To make sure we don’t enter an infinite loop, we can put octal // 10 into blank (f) to advance through the digits and eventually trim octal down to 0.

Blank (c) is less mysterious than its “curr” sibling from blank (a). It asks for a current digit in octal (which we will definitely use to convert the number back to decimal), so current_digit = octal % 10 . Observe that on every iteration, current_digit will be equal to the rightmost digit.

Now we have to update the decimal. According to the formula, we multiply the rightmost digit by the appropriate power of 8. Every time we advance to the next digit (which means for every iteration in the while-loop), the power of 8 increases by 1. Do we have a variable to keep track of the power of 8? Yes — curr_place! On the first iteration, the rightmost digit should be multiplied by 8^0 = 1, so our initial value of curr_place on the blank (a) will look like:

curr_place = 1

and accordingly, the blank (d) will be:

decimal = decimal + (curr_digit * curr_place) 
# compute the product of the rightmost digit with the appropriate power of 8
# and add that to our result so far (decimal)

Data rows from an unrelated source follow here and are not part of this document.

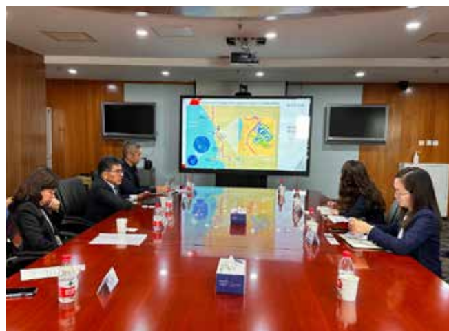
Reunión con los ejecutivos de China Export & Credit Insurance Corporation

En las tres ciudades, la delegación peruana presentará el portafolio de 55 proyectos APP y Proyectos en Activos 2024-2026 por alrededor de US$ 15,000 millones, además de sostener reuniones bilaterales con inversionistas, desarrolladores de proyectos, ejecutivos de banca de inversión, consultores, entre otros, del sector energía, transportes, educación, salud, agua y saneamiento.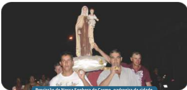
Procissão de Nossa Senhora do Carmo, padroeira da cidade.

Uma das ações foi o trabalho desenvolvido pelos alunos da Escola Municipal Luís Machado Filho do 4º, 5º, 6º e 7º anos do Ensino Fundamental, encerrado em outubro de 2013. Os alunos encenaram a retirada de Nossa Senhora da Gruta e contou com a participação dos ternos Moçambique, Pérolas da Serra e Serra Dourada e ainda, do Congo Penacho Mirim. Esse terno foi criado com o incentivo do projeto.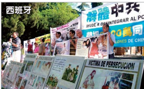
西班牙法轮功学员中使馆前抗议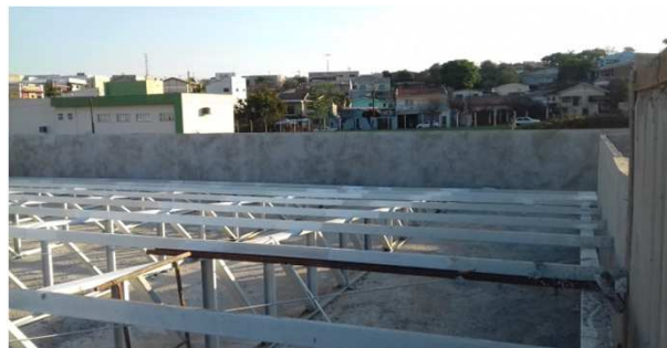
Figura 20C: rebôco interno de platibanda - fundo e lateral esquerda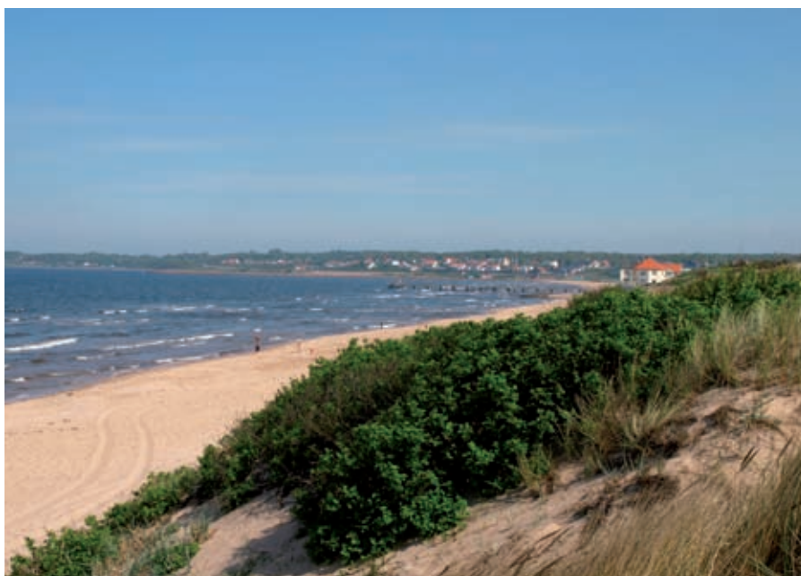
En del av Ängelholms 6 kilometer långa sandstrand.

I Ängelholm fokuserar vi på hållbar utveckling och vi vill ligga i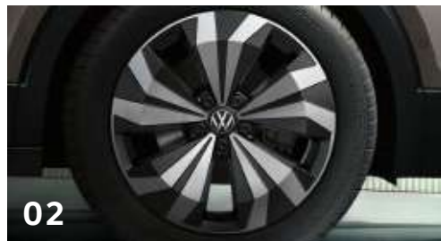
02 17吋 Manila 鋁合金輪圈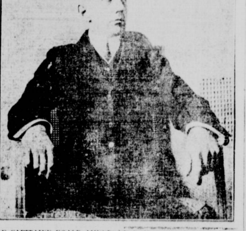
LE CAPITAINE ROALD AMUNDSEN, le découvreur du pôle Sud, qui est de passage à Montréal.

On a vu, depuis que la nouvelle de sa mort est arrivée au monde, l'énergie et la vigueur caractéristique du capitaine Scott. Son heureux rival est grand, mince, élégant, et tout dénote chez lui une grande énergie et un courage remarquable. C'est dans un des jolis petits salons du Fitz qui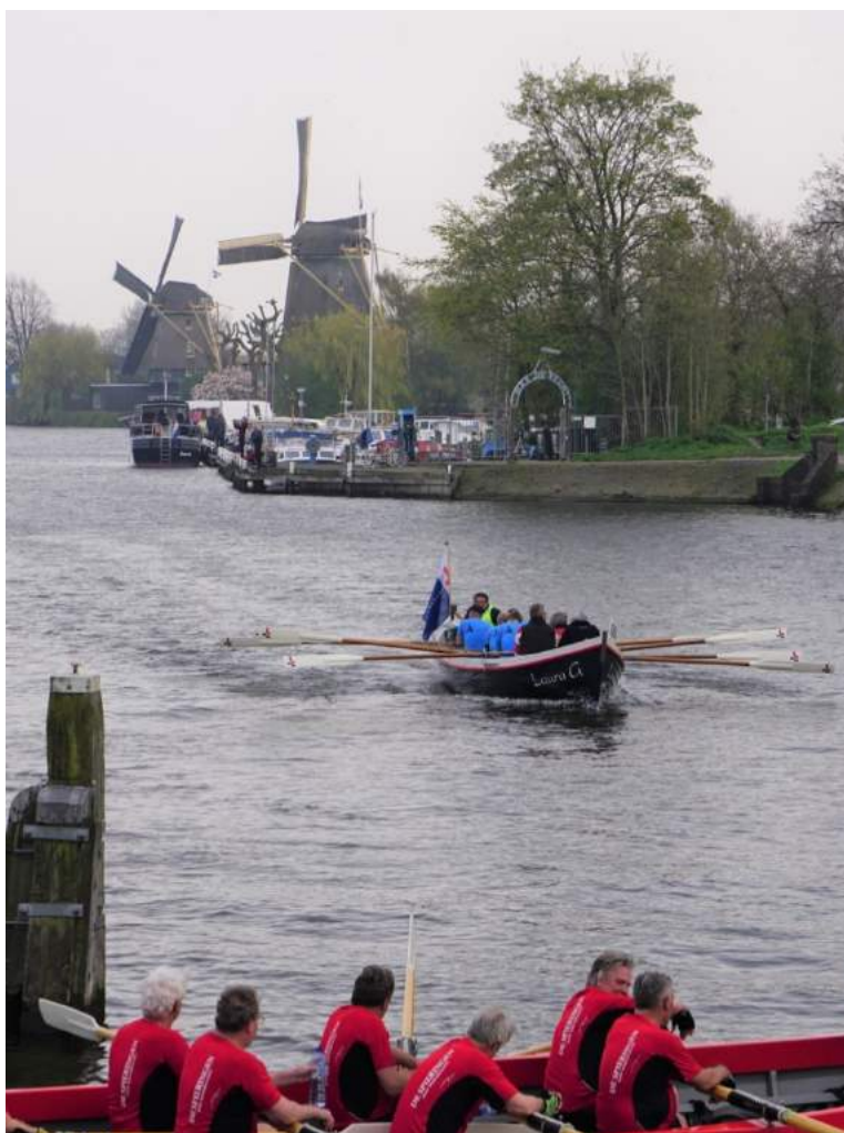
Bij de finish

Na het keerpunt laten we ons voor de spoorbrug klemzetten door een achterblijver en glipt de Lootsman ons voorbij. Het gevecht met de Lootsman heeft flink wat krachten gevergd en kreten als 'We kakken in' en het daadkrachtig tellen van de slagen, hebben slechts voor korte tijd effect. In omgekeerde volgorde passeren we de woonarken, molens, vestingwerk en daar is eindelijk het finishschip de Hydrograaf. Manon van Steven staat op de Weesper Magere Brug en weet ons op een mooie plaat vast te leggen.

Finally, update the curr_place to increase its power of 8 in the blank (e). We can achieve that with:

curr_place = curr_place * 8

Our final solution looks like:

def convert_to_decimal(octal):
    decimal = 0
    curr_place = 1
    while octal > 0:
        curr_digit = octal % 10
        decimal = decimal + (curr_digit * curr_place)
        curr_place = curr_place * 8
        octal = octal // 10
    return decimal

Here is a couple of alternative solutions:

def convert_to_decimal(octal):
    decimal = 0
    curr_place = 0
    while octal > 0:
        curr_digit = octal % 10
        decimal = decimal + (curr_digit * (8**curr_place))
        curr_place = curr_place + 1
        octal = octal // 10
    return decimal

def convert_to_decimal(octal):
    decimal = 0
    curr_place = 1
    while octal > 0:
        curr_digit = (octal % 10) * curr_place
        decimal = decimal + curr_digit
        curr_place = curr_place * 8
        octal = octal // 10
    return decimal

Forbidden Digits

Question

Implement forbid_digit, a higher-order function which takes two arguments, a function f and a digit forbidden, and returns another function. If the returned function is passed a number where the digit in the 1s place is equal to the forbidden digit, it should return the result of calling the given function on the number without that final digit. Otherwise, it should return the result of calling the given function on the number.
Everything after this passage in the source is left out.